The Best Physics Books for Teens | Five Books Expert Recommendations

What attracts teenagers to study physics?

The reason I’m usually given is “because I want to know how the world works”. these students have a strong sense that the world is, deep down, understandable, and that there are principles, principles that are both interesting and in themselves and have a power that can be harnessed for the welfare of humanity, that we can use and apply in all kinds of contexts.

You are reading: Physics books for high school

Let’s say you’re flying in an airplane with your mobile phone. you can get to a stage where you’re not just happy to look up at the sky, take a picture and say ‘there it is’. you want to know the underlying mechanisms of the plane, how it is built and how it stays in the air. these are things that most people throughout human history had no idea about, and they made up all sorts of wonderful stories to “explain” them. everything is inherently fascinating.

Contrary to the myth of difficulty, I think the appeal to some is that it somehow feels easier than history, philosophy, or politics: very complicated subjects that don’t necessarily offer solutions to problems. I imagine there is some clarity and underlying logic to the math and physics: the idea that if you work hard enough it will make sense, even if you have to work for a long time and ultimately only see part of the big picture.

Does the fact that physics is a difficult subject turn people off in their experience?

it depends. I find other subjects much more difficult than physics. and people often take physics because they find it difficult. it is, I suppose, a prestigious subject. If you’re applying to college with an A or * in a Physics level, that’s a big plus for you, because it shows that you can think in a wide variety of ways. that attracts people.

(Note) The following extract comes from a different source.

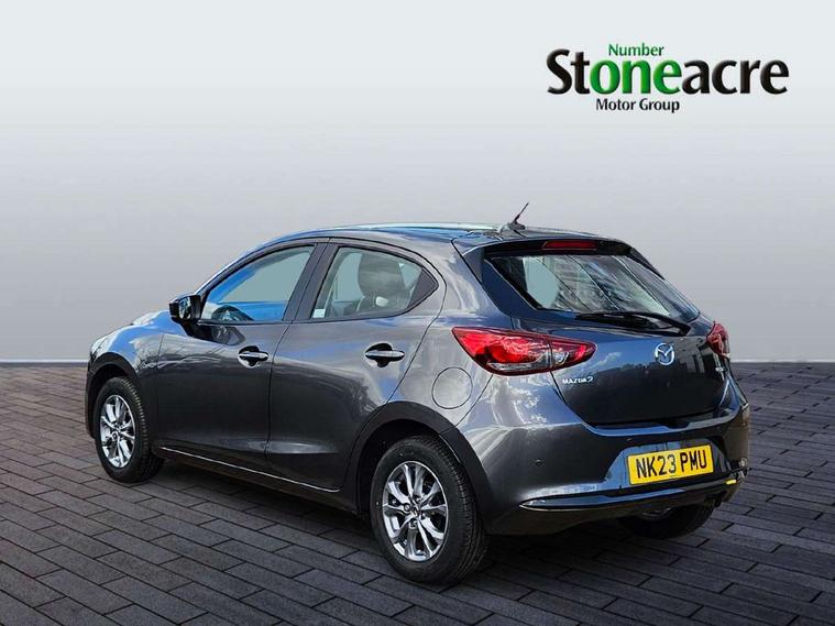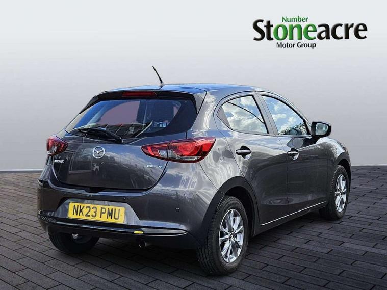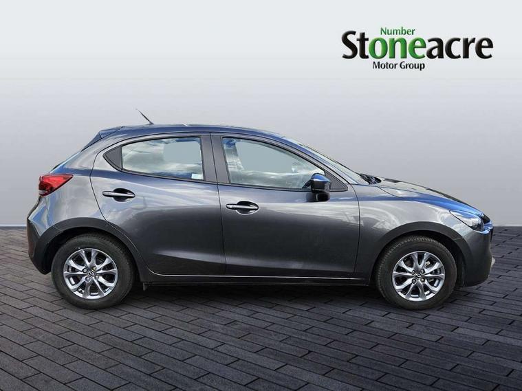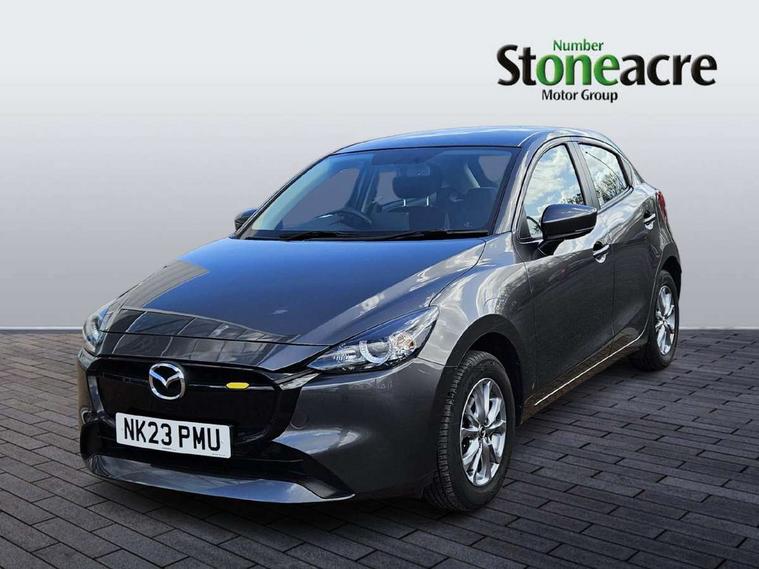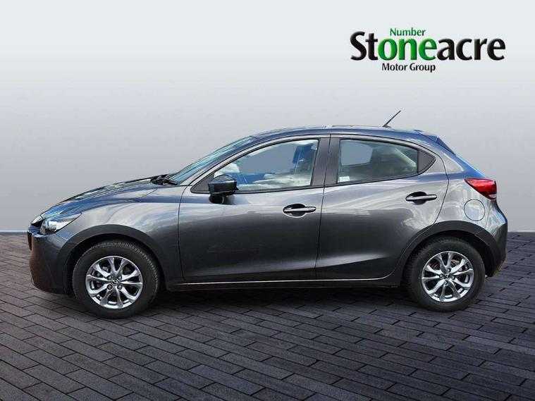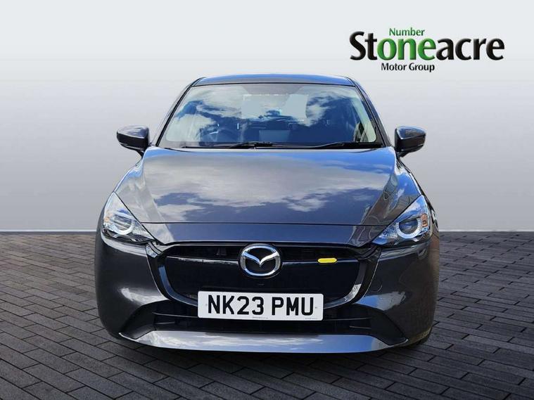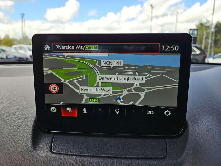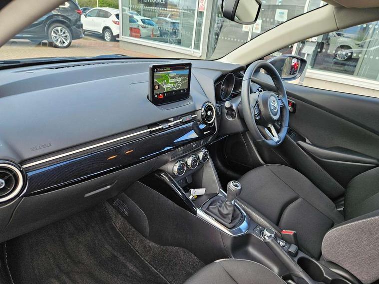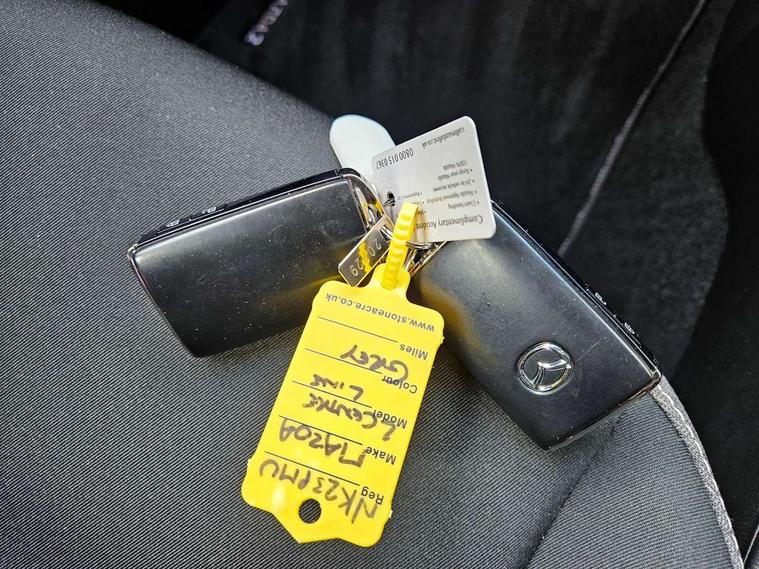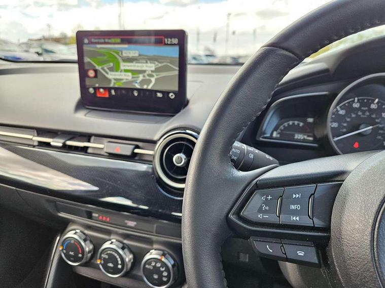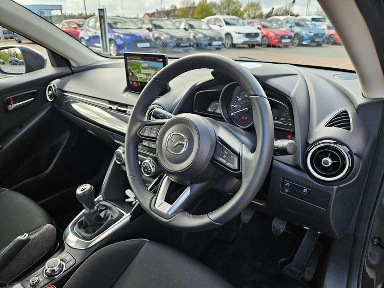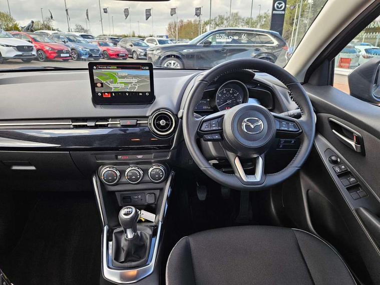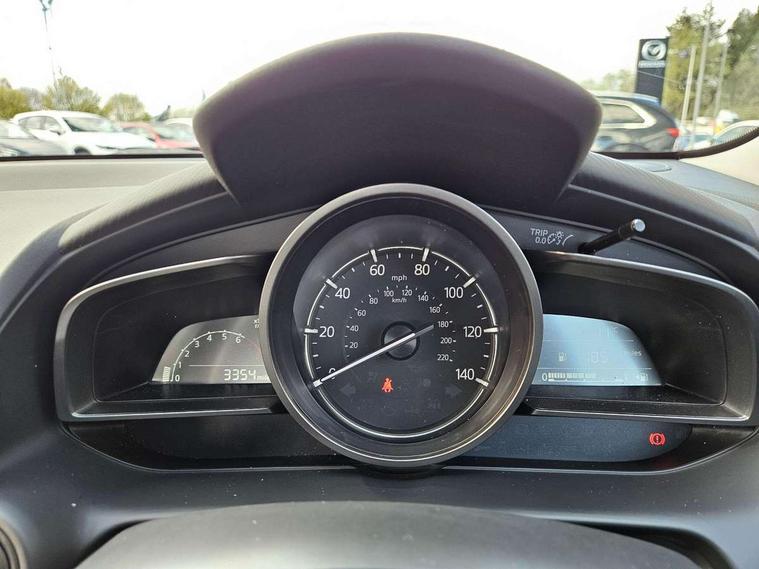 Adjustable speed limiter, Analogue speed display meter, Cruise control, Digital instrument cluster, Digital rev counter, E-call, Emergency stop signalling system, Engine start/stop button, Integrated bluetooth, Mazda connect with 8" colour touch screen, Navigation system, PAS, Rear parking sensor with audible and visual warning, Service indicator, Tailgate, Trip computer, Wireless Apple CarPlay and wired Android Auto, i-stop, AM/FM/DAB radio with 6 speakers with USB and AUX inputs, Multimedia Commander including separate volume dial, Steering wheel mounted audio/bluetooth controls, Auto dimming rear view mirror, Auto headlight levelling, Body colour door mirrors, Body coloured front bumper with black lower bezel, Body coloured rear bumper with black lower mouldings and yellow accent, Coming/leaving home lighting function, Dusk sensing headlights, Electric adjustable/heated/folding door mirrors, Electric front/rear windows with one touch auto up/down for driver's window, Gloss black finish signature wing, Halogen daytime running lights, Heated rear window, LED Headlights, LED indicator lights, LED third brake light, Rain sensing front wipers with adjustable sensitivity and speed, Rear side wing doors, Rear wiper, 3 seat bench in 2nd row, 60/40 split rear seats, Black/white air vent accents, Climate control air conditioning, Driver, Front passenger and two rear grab handles with coathooks, Drivers seat manual slide recline and height adjustment, Drivers/front passengers covered vanity mirrors and drivers ticket holder, Front centre storage with two cupholders, Front head restraints, Front passenger and driver door pockets, Front passenger seat manual slide, recline and height adjust, Front passenger seatback pockets, Gear shift indicator, Glovebox, Interior courtesy light with integrated spotlight, ISOFIX child seat anchorage points attached on outer rear seats, Leather handbrake, Leather steering wheel and gear knob, Luggage compartment light, Premium cloth upholstery, Single front passenger seat, Three height adjustable rear head restraints, Tilt/telescopic adjustable steering wheel, 2x3 point front seatbelts with pre-tensioners, 3 point seatbelts on all rear seats, Anti-lock braking system (ABS), Collision mitigation braking system, Dynamic stability control + Traction control, ESP, Front and rear curtain airbags, Front driver, passenger and rear seat seatbelt warning, Front dual stage driver and single stage front passenger airbags, Front side airbags, G-Vectoring control plus, Hill launch assist, Manual child lock in rear doors, Passenger airbag cut-off switch, Tyre pressure monitoring system, Deadlocking system, Power door locks, Remote central locking, Thatcham accredited alarm and immobiliser, 15" Silver alloy wheels, Emergency tyre repair kit,

Let’s go to your books. first, he chose randall munroe’s explainer of things, a book that explains complex things using only the top 1,000 words in the english language:

—ten hundred! it has to be ‘ten-hundred’, because the word ‘thousand’ is not one of the most used words in the English language.

why did you choose it?

because he is charming and tremendously intelligent. he wrote it as some kind of joke. Randall Munroe is this extraordinarily talented and intelligent cartoonist with a background in robotics; At one point he worked for NASA as a contract programmer and roboticist.

but the book is about how to explain things using the simplest terms you can. take your usa space team diagram uu. goer five, which is the saturn v rocket. at the bottom, a pair of arrows point to the jet’s propellers with this note:

This end should point towards the ground if you want to go into space. if it starts pointing towards space, you’ve got a serious problem and won’t go to space today.

[laughs.] and there is another indicator with the message: “a lot of fire comes out here”. the accuracy! when it describes something you already know, you think, “That’s a very clever way of putting it in the simplest, most robust terms possible.”

How would you describe helium without using the word “helium”? well, in this book it’s ‘funny voice air’. it’s both smart and wildly funny throughout. he will talk about “handheld computers” instead of mobile phones, or “little energy gates” instead of transistors. it’s absolutely beautiful.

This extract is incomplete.